=== WHAT IS BEING ASKED ===
Using the data below, show every line where the word "profile" occurs.

——

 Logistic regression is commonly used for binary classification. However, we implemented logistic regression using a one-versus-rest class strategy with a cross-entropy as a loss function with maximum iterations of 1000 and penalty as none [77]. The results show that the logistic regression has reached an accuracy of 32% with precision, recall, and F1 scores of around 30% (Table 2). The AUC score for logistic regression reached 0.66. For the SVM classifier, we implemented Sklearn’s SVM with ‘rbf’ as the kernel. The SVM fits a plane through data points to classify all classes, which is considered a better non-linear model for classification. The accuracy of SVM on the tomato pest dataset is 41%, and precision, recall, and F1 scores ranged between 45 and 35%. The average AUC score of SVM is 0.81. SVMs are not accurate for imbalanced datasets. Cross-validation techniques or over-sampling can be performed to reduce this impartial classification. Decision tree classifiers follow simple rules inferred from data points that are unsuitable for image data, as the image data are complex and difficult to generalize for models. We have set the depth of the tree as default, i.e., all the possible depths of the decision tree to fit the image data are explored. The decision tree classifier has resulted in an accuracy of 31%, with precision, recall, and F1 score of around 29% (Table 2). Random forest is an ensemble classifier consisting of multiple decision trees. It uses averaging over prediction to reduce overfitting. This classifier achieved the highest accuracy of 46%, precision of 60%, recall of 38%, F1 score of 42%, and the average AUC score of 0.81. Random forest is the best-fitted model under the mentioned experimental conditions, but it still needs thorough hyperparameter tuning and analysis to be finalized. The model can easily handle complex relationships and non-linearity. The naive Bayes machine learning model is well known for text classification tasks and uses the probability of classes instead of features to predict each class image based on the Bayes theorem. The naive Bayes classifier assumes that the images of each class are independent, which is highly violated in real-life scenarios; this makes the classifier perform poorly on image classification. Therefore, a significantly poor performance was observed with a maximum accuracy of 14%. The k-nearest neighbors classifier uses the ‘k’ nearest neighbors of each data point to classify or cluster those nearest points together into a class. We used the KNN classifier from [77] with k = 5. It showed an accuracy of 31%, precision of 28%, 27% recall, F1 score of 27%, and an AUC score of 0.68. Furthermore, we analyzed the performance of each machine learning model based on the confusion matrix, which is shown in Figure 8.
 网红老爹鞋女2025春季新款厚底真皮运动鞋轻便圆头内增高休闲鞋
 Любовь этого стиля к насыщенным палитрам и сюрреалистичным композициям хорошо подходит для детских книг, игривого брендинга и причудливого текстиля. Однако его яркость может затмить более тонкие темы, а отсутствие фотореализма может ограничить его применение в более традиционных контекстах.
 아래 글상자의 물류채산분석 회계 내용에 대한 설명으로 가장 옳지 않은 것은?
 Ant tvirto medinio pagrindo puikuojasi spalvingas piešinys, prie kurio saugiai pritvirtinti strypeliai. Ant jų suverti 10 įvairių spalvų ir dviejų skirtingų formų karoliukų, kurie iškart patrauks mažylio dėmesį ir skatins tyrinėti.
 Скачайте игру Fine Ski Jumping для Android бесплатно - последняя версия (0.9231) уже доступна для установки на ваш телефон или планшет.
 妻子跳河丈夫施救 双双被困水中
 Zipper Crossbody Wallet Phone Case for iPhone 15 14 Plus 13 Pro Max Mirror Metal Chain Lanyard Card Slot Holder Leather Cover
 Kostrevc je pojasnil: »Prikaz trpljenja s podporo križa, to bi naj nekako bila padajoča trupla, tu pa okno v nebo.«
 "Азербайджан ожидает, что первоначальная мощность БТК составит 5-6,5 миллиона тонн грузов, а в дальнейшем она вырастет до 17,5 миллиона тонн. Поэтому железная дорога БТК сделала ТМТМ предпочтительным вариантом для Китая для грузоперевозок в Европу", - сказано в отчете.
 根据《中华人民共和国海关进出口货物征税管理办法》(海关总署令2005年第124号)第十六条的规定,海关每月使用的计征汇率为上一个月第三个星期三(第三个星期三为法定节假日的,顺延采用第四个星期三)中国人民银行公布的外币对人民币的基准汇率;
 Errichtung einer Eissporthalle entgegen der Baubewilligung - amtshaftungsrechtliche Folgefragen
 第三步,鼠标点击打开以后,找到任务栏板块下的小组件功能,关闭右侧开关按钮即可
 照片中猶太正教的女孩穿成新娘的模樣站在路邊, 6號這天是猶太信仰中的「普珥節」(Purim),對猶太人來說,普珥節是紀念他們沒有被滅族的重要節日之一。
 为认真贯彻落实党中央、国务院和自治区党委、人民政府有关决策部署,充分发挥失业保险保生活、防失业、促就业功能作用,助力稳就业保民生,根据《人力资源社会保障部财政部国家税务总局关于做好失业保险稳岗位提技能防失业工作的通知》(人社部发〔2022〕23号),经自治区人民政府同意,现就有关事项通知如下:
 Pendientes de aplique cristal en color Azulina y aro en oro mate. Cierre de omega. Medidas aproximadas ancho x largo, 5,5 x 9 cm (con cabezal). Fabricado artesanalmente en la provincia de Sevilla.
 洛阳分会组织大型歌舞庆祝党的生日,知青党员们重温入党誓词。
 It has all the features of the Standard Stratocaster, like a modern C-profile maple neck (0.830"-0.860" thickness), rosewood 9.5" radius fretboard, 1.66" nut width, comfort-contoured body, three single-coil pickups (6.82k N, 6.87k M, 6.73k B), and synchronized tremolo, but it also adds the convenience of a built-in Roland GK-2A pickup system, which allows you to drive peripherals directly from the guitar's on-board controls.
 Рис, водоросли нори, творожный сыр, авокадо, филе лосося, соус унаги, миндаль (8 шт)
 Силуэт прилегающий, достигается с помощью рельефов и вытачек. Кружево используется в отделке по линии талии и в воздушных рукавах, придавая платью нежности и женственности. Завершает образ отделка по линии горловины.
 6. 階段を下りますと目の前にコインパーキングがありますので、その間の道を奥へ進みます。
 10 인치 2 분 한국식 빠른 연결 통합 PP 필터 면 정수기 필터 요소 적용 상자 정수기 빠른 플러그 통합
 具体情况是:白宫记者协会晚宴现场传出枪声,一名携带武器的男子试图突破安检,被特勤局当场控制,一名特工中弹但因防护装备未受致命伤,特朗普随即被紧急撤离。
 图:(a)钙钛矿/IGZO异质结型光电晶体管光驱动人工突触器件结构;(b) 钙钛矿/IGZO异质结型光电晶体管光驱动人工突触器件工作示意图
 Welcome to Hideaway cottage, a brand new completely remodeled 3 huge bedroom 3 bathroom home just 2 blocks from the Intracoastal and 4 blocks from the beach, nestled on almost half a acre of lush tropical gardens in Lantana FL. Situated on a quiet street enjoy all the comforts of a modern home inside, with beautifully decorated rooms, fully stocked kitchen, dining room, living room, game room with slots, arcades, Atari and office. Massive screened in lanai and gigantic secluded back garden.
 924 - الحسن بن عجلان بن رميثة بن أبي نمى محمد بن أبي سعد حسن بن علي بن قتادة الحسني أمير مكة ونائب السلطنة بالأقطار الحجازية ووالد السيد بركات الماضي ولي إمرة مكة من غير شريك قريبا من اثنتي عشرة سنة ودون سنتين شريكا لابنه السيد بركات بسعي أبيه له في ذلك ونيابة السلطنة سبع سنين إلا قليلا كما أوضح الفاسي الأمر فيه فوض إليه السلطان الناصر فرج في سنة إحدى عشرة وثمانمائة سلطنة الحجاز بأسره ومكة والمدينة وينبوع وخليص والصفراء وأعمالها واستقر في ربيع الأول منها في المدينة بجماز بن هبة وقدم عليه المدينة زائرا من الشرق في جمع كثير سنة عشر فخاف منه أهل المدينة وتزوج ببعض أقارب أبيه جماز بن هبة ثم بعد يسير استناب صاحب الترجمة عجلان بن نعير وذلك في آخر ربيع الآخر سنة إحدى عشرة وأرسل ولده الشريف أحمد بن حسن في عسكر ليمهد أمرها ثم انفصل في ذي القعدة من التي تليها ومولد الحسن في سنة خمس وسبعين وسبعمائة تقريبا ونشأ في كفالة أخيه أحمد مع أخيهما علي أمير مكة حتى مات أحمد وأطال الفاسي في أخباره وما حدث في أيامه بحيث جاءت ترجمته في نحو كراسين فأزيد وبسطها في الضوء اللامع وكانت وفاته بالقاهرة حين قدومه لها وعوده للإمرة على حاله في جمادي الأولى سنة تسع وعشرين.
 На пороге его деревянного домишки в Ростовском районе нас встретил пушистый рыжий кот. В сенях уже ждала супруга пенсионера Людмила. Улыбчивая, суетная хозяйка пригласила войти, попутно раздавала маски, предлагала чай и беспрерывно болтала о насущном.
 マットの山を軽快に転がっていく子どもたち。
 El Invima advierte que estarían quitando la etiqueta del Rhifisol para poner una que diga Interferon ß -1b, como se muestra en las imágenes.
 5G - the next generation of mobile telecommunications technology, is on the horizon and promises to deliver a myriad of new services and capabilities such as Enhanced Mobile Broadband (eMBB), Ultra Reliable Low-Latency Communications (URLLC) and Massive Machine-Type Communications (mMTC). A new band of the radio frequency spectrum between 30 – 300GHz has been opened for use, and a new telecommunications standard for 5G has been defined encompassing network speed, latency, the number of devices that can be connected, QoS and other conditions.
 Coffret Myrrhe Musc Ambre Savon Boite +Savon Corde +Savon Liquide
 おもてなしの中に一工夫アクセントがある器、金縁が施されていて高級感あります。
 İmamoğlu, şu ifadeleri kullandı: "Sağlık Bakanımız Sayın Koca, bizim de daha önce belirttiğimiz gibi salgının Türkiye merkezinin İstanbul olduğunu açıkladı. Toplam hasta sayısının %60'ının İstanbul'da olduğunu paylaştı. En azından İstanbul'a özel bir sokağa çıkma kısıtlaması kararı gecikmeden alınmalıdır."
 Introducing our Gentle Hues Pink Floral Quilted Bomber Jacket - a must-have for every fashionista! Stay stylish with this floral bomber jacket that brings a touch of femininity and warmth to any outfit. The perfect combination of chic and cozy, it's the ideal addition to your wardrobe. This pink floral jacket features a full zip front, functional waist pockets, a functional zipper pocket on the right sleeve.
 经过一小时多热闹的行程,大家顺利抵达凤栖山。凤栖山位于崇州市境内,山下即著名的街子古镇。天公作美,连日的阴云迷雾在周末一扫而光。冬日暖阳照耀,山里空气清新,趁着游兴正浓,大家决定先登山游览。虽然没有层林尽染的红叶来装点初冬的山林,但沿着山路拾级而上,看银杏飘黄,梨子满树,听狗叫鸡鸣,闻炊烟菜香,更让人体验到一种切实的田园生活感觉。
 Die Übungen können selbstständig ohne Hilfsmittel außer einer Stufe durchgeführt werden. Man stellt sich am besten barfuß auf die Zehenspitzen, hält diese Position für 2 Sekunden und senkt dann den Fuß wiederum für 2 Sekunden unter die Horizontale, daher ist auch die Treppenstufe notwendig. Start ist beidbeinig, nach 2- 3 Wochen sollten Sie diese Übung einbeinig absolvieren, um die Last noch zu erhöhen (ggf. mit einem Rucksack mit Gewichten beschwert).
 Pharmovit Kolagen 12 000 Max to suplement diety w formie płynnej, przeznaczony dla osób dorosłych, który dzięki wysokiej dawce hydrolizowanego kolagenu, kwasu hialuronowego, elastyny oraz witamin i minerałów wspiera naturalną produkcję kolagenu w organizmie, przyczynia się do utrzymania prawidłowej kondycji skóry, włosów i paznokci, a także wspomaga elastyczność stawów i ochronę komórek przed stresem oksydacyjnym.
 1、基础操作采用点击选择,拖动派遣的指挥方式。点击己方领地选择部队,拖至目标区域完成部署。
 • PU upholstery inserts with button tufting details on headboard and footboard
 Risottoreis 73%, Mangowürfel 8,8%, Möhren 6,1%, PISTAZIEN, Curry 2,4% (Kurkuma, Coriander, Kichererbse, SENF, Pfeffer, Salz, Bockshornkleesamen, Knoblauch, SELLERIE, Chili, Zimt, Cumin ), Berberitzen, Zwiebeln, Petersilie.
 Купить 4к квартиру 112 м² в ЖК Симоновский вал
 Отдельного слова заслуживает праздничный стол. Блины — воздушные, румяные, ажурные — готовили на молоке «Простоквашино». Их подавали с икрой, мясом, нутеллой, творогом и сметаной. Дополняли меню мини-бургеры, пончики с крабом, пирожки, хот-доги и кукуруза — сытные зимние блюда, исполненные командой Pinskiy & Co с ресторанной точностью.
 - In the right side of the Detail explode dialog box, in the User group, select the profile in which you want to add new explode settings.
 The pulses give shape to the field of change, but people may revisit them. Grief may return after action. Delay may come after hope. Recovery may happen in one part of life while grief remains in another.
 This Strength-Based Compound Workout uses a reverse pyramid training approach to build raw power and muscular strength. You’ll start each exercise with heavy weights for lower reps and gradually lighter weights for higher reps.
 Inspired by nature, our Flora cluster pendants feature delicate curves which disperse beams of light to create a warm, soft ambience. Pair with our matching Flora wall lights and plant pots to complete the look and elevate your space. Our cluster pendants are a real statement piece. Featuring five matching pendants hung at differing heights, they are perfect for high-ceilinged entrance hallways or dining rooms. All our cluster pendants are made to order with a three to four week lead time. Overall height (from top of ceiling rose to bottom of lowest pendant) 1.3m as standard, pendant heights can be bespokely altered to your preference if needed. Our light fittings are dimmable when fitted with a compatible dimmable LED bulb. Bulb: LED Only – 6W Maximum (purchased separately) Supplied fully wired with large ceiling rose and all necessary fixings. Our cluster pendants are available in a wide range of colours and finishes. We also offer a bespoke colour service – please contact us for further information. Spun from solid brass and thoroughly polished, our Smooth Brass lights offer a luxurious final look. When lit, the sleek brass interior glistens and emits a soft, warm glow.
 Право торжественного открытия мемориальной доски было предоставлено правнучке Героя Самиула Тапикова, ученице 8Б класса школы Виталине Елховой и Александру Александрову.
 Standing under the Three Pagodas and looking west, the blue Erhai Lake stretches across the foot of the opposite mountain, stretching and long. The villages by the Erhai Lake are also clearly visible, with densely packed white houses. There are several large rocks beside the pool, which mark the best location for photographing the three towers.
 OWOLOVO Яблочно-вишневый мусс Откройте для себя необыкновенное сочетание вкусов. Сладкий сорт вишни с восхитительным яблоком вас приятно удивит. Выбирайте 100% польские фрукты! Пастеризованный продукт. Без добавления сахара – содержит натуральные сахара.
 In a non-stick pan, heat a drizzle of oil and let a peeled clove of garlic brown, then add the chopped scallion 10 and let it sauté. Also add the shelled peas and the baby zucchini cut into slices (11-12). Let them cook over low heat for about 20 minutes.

——

=== THE COMPLETED TASK ===
 It has all the features of the Standard Stratocaster, like a modern C-profile maple neck (0.830"-0.860" thickness), rosewood 9.5" radius fretboard, 1.66" nut width, comfort-contoured body, three single-coil pickups (6.82k N, 6.87k M, 6.73k B), and synchronized tremolo, but it also adds the convenience of a built-in Roland GK-2A pickup system, which allows you to drive peripherals directly from the guitar's on-board controls.
 - In the right side of the Detail explode dialog box, in the User group, select the profile in which you want to add new explode settings.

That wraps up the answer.